EXERCISE INSTRUCTIONS -> Set down every line of the data exactly, skipping the pictures.

DATASET SECTION ->
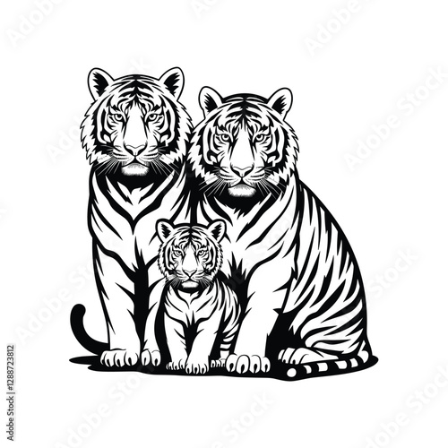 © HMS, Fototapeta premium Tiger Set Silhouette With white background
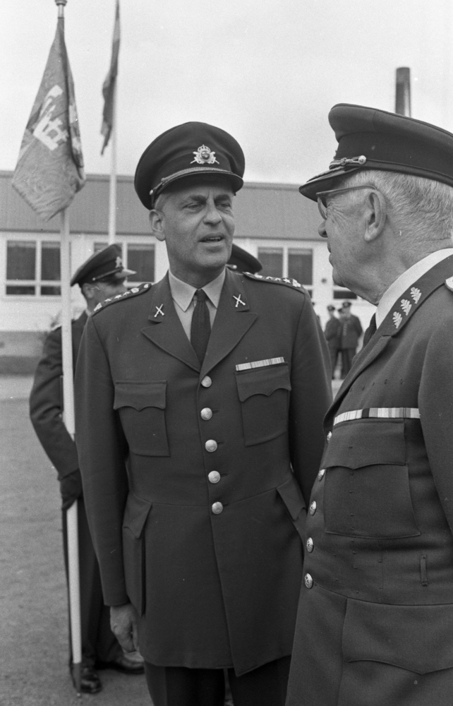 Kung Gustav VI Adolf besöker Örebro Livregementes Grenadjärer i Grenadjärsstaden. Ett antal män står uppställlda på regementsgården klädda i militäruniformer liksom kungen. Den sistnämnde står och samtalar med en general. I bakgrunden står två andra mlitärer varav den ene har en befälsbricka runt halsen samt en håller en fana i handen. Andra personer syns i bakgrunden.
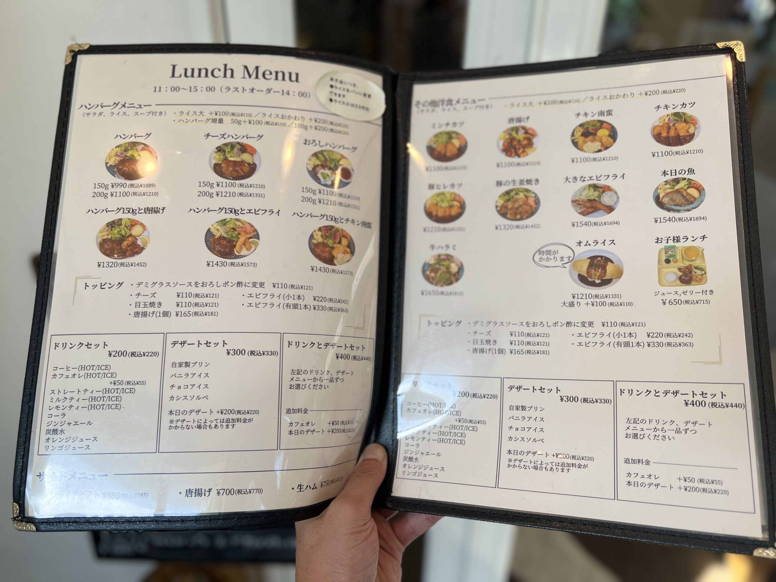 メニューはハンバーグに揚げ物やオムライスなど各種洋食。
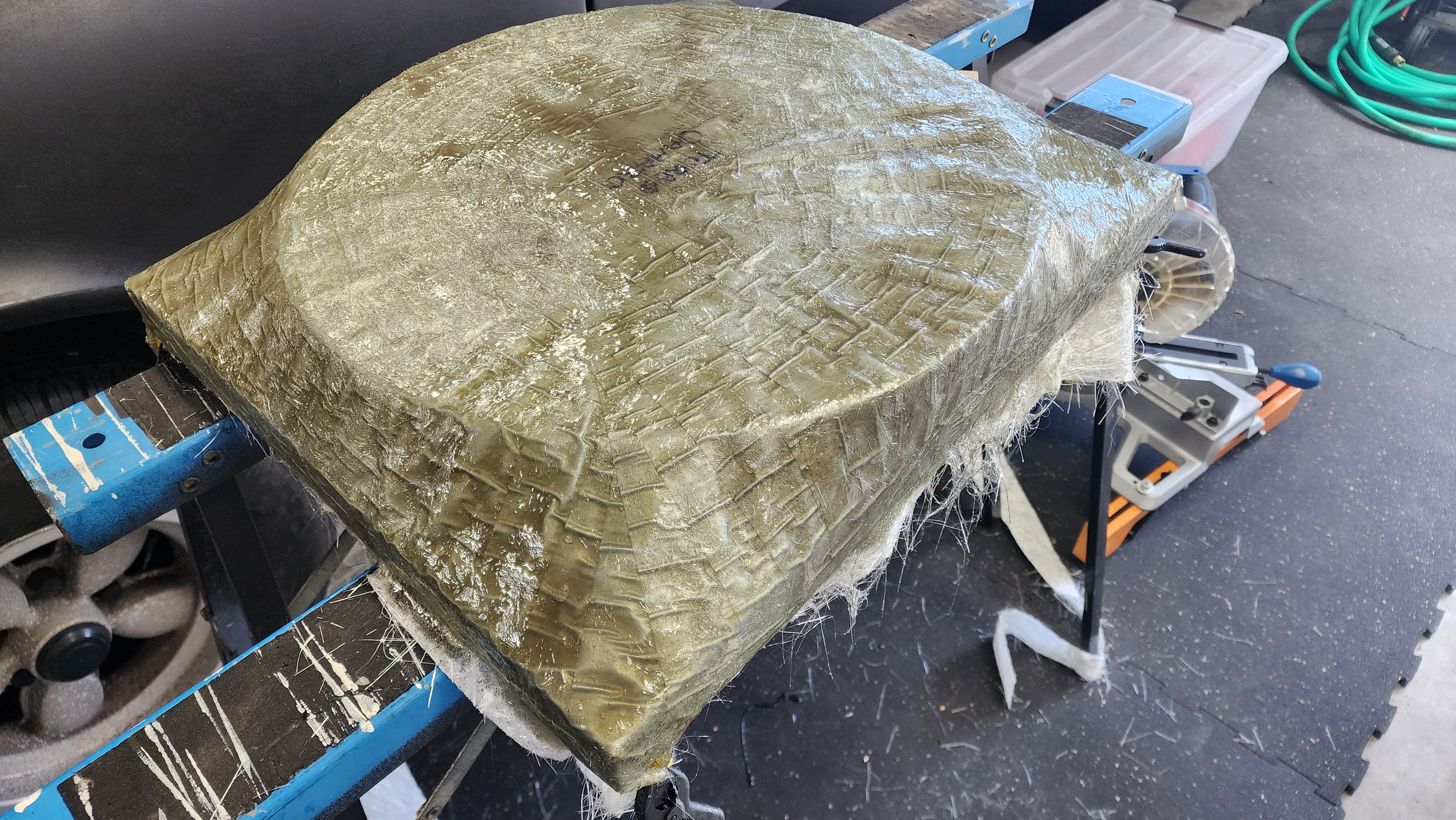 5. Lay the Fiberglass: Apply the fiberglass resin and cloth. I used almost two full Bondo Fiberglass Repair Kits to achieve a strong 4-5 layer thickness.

RESPONSE BOX ->
 © HMS, Fototapeta premium Tiger Set Silhouette With white background
 Kung Gustav VI Adolf besöker Örebro Livregementes Grenadjärer i Grenadjärsstaden. Ett antal män står uppställlda på regementsgården klädda i militäruniformer liksom kungen. Den sistnämnde står och samtalar med en general. I bakgrunden står två andra mlitärer varav den ene har en befälsbricka runt halsen samt en håller en fana i handen. Andra personer syns i bakgrunden.
 メニューはハンバーグに揚げ物やオムライスなど各種洋食。
 5. Lay the Fiberglass: Apply the fiberglass resin and cloth. I used almost two full Bondo Fiberglass Repair Kits to achieve a strong 4-5 layer thickness.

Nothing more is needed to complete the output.